NFC Championship Game 2014: 49ers Will Send Seattle's 12th Man Home Disappointed

Richard LangfordCorrespondent IJanuary 15, 2014

CHARLOTTE, NC - JANUARY 12:  Colin Kaepernick #7 of the San Francisco 49ers celebrates after a touchdown in the third quarter against the Carolina Panthers during the NFC Divisional Playoff Game at Bank of America Stadium on January 12, 2014 in Charlotte, North Carolina.  (Photo by Kevin C. Cox/Getty Images)
Kevin C. Cox/Getty Images

The San Francisco 49ers are going to exorcise some Northwest demons by going into Seattle and beating the Seahawks in the NFC Championship on Sunday, Jan. 19 at 6:30 p.m. ET.

The 49ers have been beaten by a combined score of 71-16 in their two games in Seattle over the last two seasons, but improved health and performances are enough to lead this team to victory despite the best efforts of the Seahawks and the boisterous 12th man:

My confidence in the 49ers comes from the performances of both team's offenses. The 49ers have a more diverse attack now than in either of their previous two trips to Seattle, and the Seahawks' offense is struggling.

Let's start with the 49ers.

In his two starts in Seattle, quarterback Colin Kaepernick combined to go 32-of-64 passing with 371 yards, one touchdown and four interceptions. The Seahawks found success against him by getting him out of his comfort zone.

For starters, the Seahawks opened up big early leads, and facing a deficit is not where the 49ers want to be. San Francisco wants to win games by running the ball and playing great defense. That is not exactly feasible when falling behind early.

Those leads were easy for the Seahawks to open up because they have swallowed the 49ers offense. Playing effective press coverage, Kaepernick is forced to show patience and the ability to go through his reads. The youngster still struggles in these areas, and his receivers haven't been getting open to help him out.

Things will be different this time around. This will be Kaepernick's first start in Seattle when he's had the services of both wide receivers Michael Crabtree and Anquan Boldin.

Last week, the 49ers took the lead on the Carolina Panthers right before halftime on a 12-play, 80-yard drive that sparked the offense. In that drive, Kaepernick opened up the drive by going to either Boldin or Crabtree on five of the first eight plays. The other three went to running back Frank Gore.

The Seahawks will not be able to roll coverage over to either receiver given the 49ers increased weapons. 

When the 49ers beat the Seahawks in San Francisco in Week 14, both Boldin and Crabtree were on the field, and it made a big difference. It isn't all that evident in Kaepernick's stat line. He finished 15-of-29 for 175 yards, one touchdown and one interception. 

The difference is really seen in the rushing stats. San Francisco rushed for 163 yards at an average of 4.9 yards per carry. Now, a lot of that came about on one 51-yard run by Frank Gore, but that is the kind of result that will happen when defenses are more spread out to slow down options in the passing game.
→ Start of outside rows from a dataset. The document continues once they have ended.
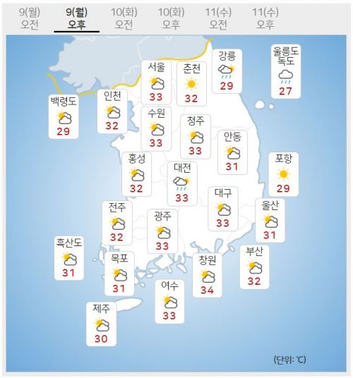 - ¿À´Ã(9ÀÏ ¿ù) Àü±¹ÀÌ ´ëü·Î È帮°Ú°í, µ¿Ç³ÀÇ ¿µÇâÀ¸·Î µ¿ÇØ¾È Á᫐ ¸¹Àº ºñ°¡ ³»¸®°Ú½À´Ï´Ù. °¿ø¿µ¼¿Í °æ»ó±Çµ¿ºÎ, Á¦ÁÖµµ´Â ¿À´Ã ³·(15½Ã)±îÁö, °¿ø¿µµ¿Àº ¿À´Ã ¹ã(21½Ã)±îÁö ºñ°¡ ¿À..
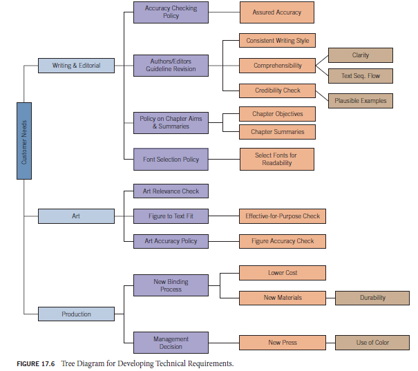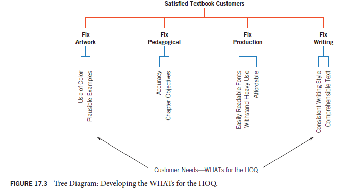 - Figure 17.3 is a partial tree diagram that was developed to address the issues identified in Figure 17.2. We have deliberately oversimplified our tree diagram to keep the HOQ construction easier to follow. Notice that the team’s choice of things that must happen to make our textbook artwork acceptable to customers includes the use of color in the artwork and ensuring that examples are plausible. These two items represent the abbreviated customer needs with respect to our artwork issues.
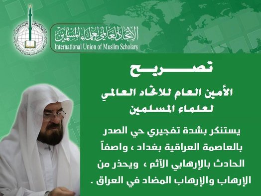 القره داغي يستنكر بشدة تفجيرات بغداد ويحذّر من الإرهاب والإرهاب المضاد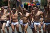 Bank of America had a 350-person strong contingent, all wearing red shirts and waving rainbow flags. Meanwhile trendy gay bar The Abbey had a fleet of Mini Cooper automobiles ride down the route.

With both Crabtree and Boldin on the field, the 49ers have more offensive balance. That is vital against the tough defense of the Seahawks.
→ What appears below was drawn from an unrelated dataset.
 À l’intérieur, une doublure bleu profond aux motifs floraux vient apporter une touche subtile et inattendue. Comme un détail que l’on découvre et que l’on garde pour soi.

Meanwhile, the Seahawks are losing any balance they had.

By now, it is no secret that quarterback Russell Wilson is slumping. Over his last five starts, he's posted five of his worst eight starts this season in terms of QBR. On top of that, he struggled against San Francisco in Seattle in Week 2 even though the Seahawks cruised to victory: 

Wilson hasn't enjoyed good pass protection this year, but he's made up for that with his scrambling and playmaking ability. With defenses mixing up their looks and blitzes and spying Wilson, he's had a harder time exploiting defenses by breaking contain and completing easy passes.

The offensive struggles shouldn't fall all on Wilson. He isn't getting a ton of help from an average receiving corps.
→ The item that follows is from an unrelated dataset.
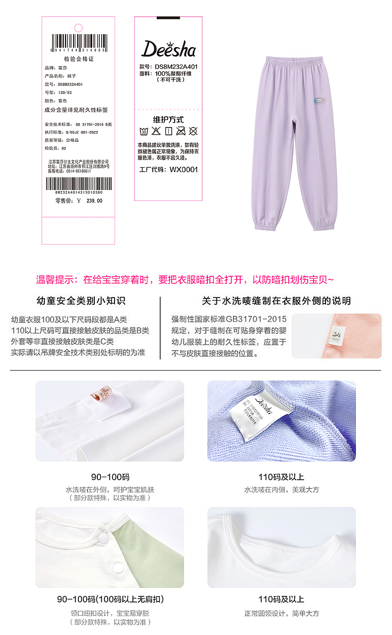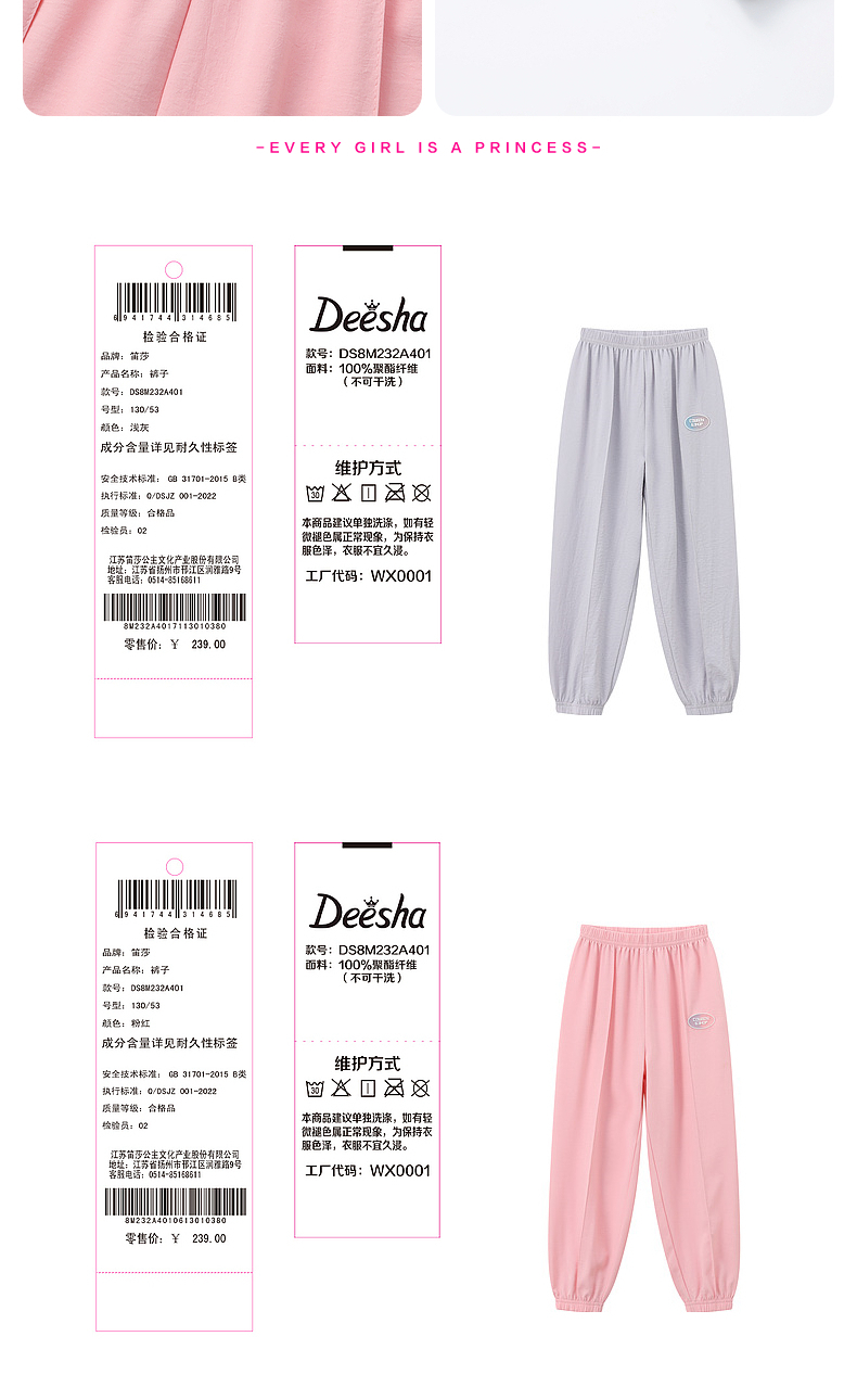 笛莎Deesha 2026年夏季新款中童女童休闲直筒裤裤子

Percy Harvin has the ability to help with all of this, but there is no reason to think he will be able to stay on the field, should he even get on it in the first place:

The other thing of note in that tweet from Tom Pelissero of USA Today is Marshawn Lynch's absence from practice. I don't think there is any reason to be concerned over his availability for the game. I'm sure the missed practice is just added rest after the bruising back went for 140 yards on 28 carries while deflecting countless tackle attempts by the New Orleans Saints in the divisional round. 

That was Marshawn Lynch's first time over the century mark in rushing since Week 10.

A lot of that limited production was due to a decreased workload. Lynch didn't have more than 23 carries in any game in that span. This helped the 27-year-old come into the playoffs fresh.

What good is that now, however, after 28 punishing carries?

I don't expect Lynch to come out and fall down at the first sign of contact, but it's hard to believe that Beast Mode will be quite as ferocious as he was last week: 

On top of that, the 49ers installed a new goal-line set that helped them against the power rushing of Carolina and will help them against Seattle:

I expect a close game featuring two outstanding defenses, but when it comes down to it, the 49ers' offense is better prepared to make more plays than the Seahawks, and that will be the difference.